4-3 可愛い装備を買うのに理由はいらない


 魔法使い&僧侶装備専門店――獅子王さんの自宅は、町外れの森にあった。


 獅子王さんは友クエをあまり攻略してないのか、拠点は木造家屋のボロ屋だ。

 とりあえず立てました、という不格好な木造扉に「そうそう、こういう店ね」と耳元で上機嫌になる深瀬さん。


 ノックすると面倒臭そうに獅子王さんが顔を覗かせた。


「あら委員長。ゲーム内では初めてね。まあ、すぐログアウトするけど」

「じゃあ、手短に用件だけ」


 魔法使いに使えるアクセサリや装備品について尋ねた。

 彼女も初期職業に魔法使いを選択し、かつクラフト系スキル――とくに装備品生成に傾倒してるという事で、幾つか装備品を見せて貰った。

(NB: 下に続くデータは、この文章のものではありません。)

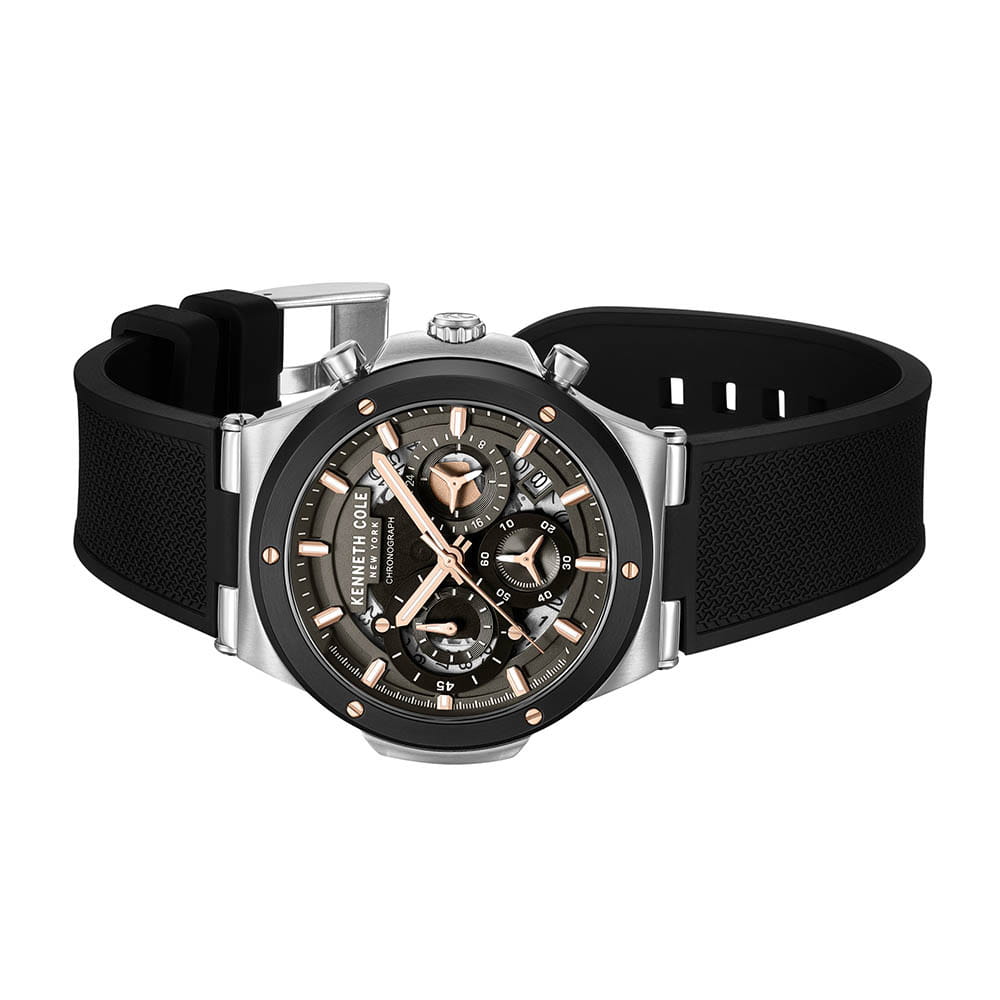 Мужские кварцевые часы Kenneth Cole KCWGO0047301 — это выразительный аксессуар с мощным характером. Корпус диаметром 45 мм выполнен из нержавеющей стали. Безель с IP-покрытиемIP-покрытиеМетод ионного напыления. Демонстрирует повышенную устойчивость к истиранию, окислению и химическим веществам. Под воздействием высокого давления и температуры около 1500°C молекулы металла надёжно соединяются с частицами корпуса часов. чёрного цвета. Циферблат серого цвета оформлен метками в виде штрихов и дополнен функциями хронографаХронографФункция позволяет измерять отрезки времени с особой точностью: часы, минуты, секунды. Верным признаком хронографа является наличие на циферблате 3 дополнительных окошек-счётчиков. и индикации даты. Стрелки и метки оснащены люминесцентным покрытиемЛюминесцентное покрытиеПозволяет считывать показания времени в темноте. Производители наносят на стрелки, часовые индексы, безель или поверхность циферблата светонакопительный состав, дающий холодное свечение., обеспечивающим хорошую читаемость в темноте. Циферблат защищён минеральным стекломМинеральное стеклоМинеральное стекло представляет собой искусственно выращенный минерал кварца. Такое стекло отличается особой устойчивостью к повреждениям и царапинам. Уступает по некоторым качествам сапфировому стеклу.. Часы оснащены силиконовым ремешком чёрного цвета с классической пряжкой. Водонепроницаемость 30 м позволяет использовать часы в повседневных условиях, защищая от случайных брызг и капель дождя. Уверенный выбор для тех, кто предпочитает крупные детали и современный стиль.

 商品は魔法使いの魔法威力を上げる木製ロッドに、魔力上昇の紫色のローブ。月形のアクセサリなど様々だ。


「攻撃は最大の攻撃ね。蒼井君、とにかく火力系装備買って」


 攻撃は最大の防御。やられる前にやるスタイルを選ぶのは、彼女らしい。

 そして深瀬さんが「あれ見せて、これ見せて」と僕の背中越しに指を指す。子供に玩具を買い与える父親の気分だ。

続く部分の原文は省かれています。